When crawlers meet RabbitMQ: efficient decoupled distributed crawling practice

Open a single Python script and use requests + beautifulsoup4 to crawl small websites, and the efficiency is so-so; but once you need to crawl tens of thousands of dynamic data and mixed content across multiple domain names, problems will arise: single thread is too slow, multi-thread/multi-process** task allocation is confusing, repeated crawling is difficult to control, and nodes are busy when they hang up.

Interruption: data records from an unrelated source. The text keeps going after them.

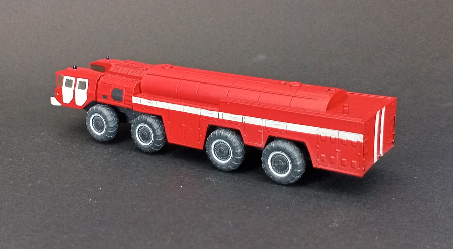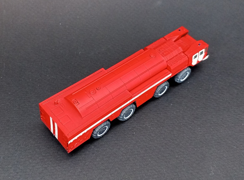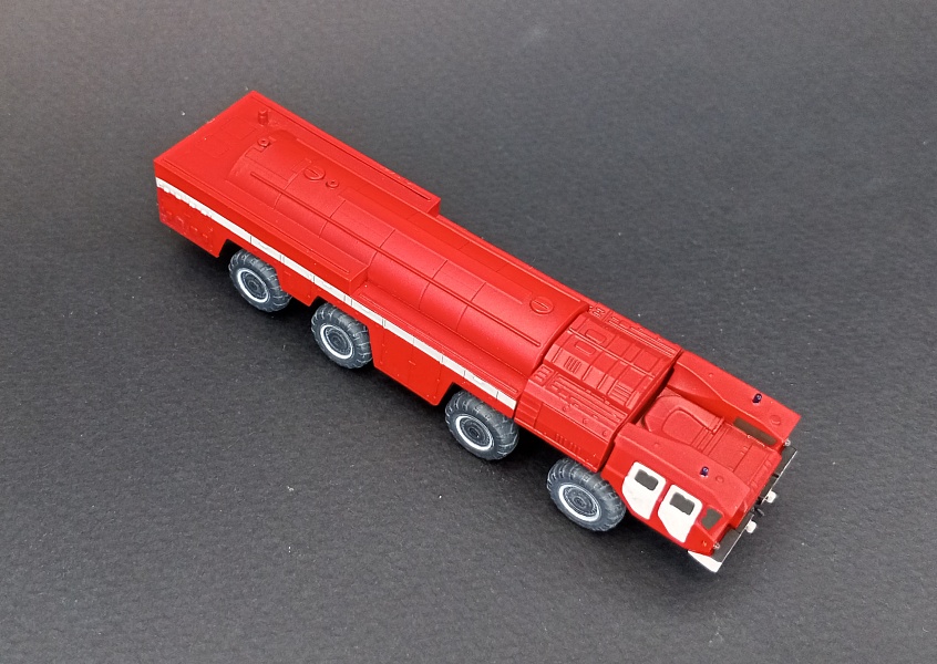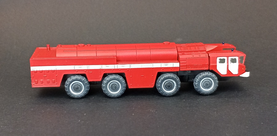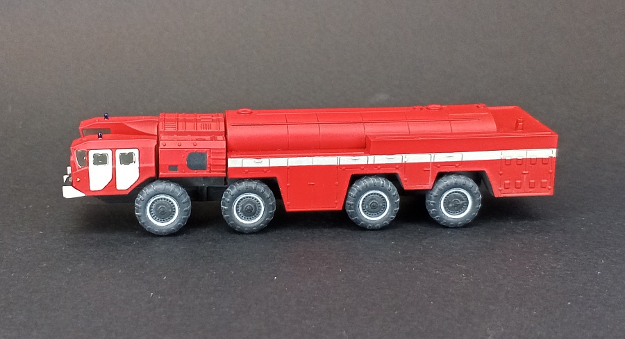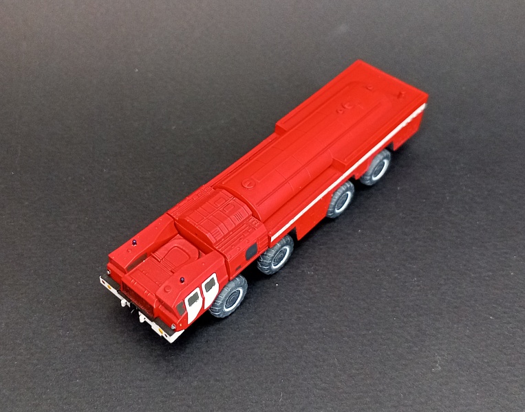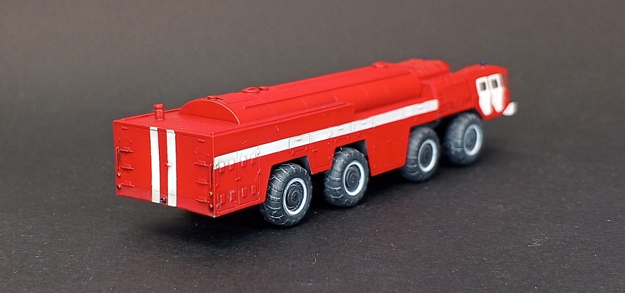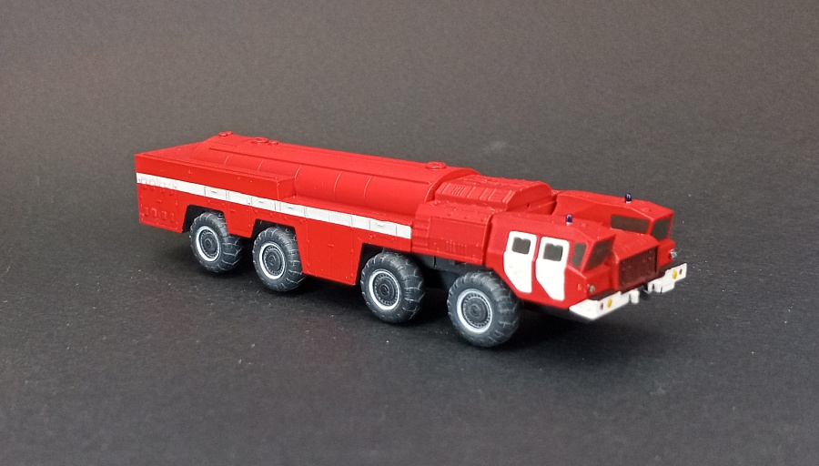 | Представляю модельку аэродромной пожарной машины на шасси МАЗ-543 в клопическом 144-м масштабе. Модель сама по себе неплохая, необходимо только слегка подогрев выпрямить раму. Из недостатков я бы отметил отсутствие водомётной пушки (или как она там называется) расположенной между кабинами. Грунт и краски Ганзой. Полоски наносил путём маскирования лентой. Приятного просмотра... | |
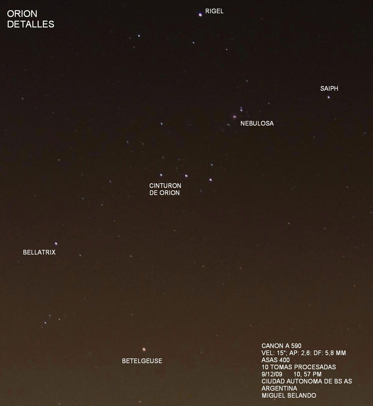 Hola!! Te felicito por las fotos. La constelación de Orión es mi favorita. Muy interesantes las leyendas o referencias que hiciste de Orión, el Cinturón y la Nebulosa. A mi me sirvió mucho, porque no sabÃa en qué parte de la constelación se encontraban. Saludos
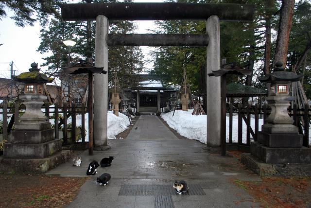 朝お通勤前、松岬(まつがさき)神社前を通ると猫が集まる、どうもここをねぐらにしているようです、この神社は明治35年(1902)に上杉神社から上杉鷹山を分祀し大正元年に建立、その後米沢初代藩主”上杉景勝”、その重心”直江兼続”鷹山の師、鷹山改革の補佐の合祀と祭神6柱となっている。最近猫が付いてくるように、たまに餌やるから?奥の狛犬の横によく猫がいる、狛犬とあるけど、狛犬の起源は、古代インド、守護獣としてライオンの像を置いたのが始まりといわれて、古代エジプトなどでも神域を守るライオンの像がある、狛犬はインドから中国へ伝わり、中国から日本へ伝わってきたのは飛鳥時代といわれています。平安時代に獅子と狛犬の像が一対となっておかれるようになり、もともとはそれぞれを獅子と狛犬と呼んでいましたが、現在は両方を合わせて「狛犬」と呼ぶようです、しかしライオンはねこ科なんだから犬ではないんだけどね・・そこんとこがわからない???じじの独り言

At this time, Message Queuing (MQ) becomes the "savior scheduler" of distributed crawlers - it completely decouples the production and consumption of tasks: you just throw URLs into the queue, and the crawling nodes themselves grab tasks, work, and report results. Even better, MQ also comes with advanced capabilities such as task priority, persistence, and automatic retry. Among many mature MQs, RabbitMQ has become the first choice for entry-level to production-level distributed crawling with its multi-protocol support, intuitive web management interface and simple Python client (pika).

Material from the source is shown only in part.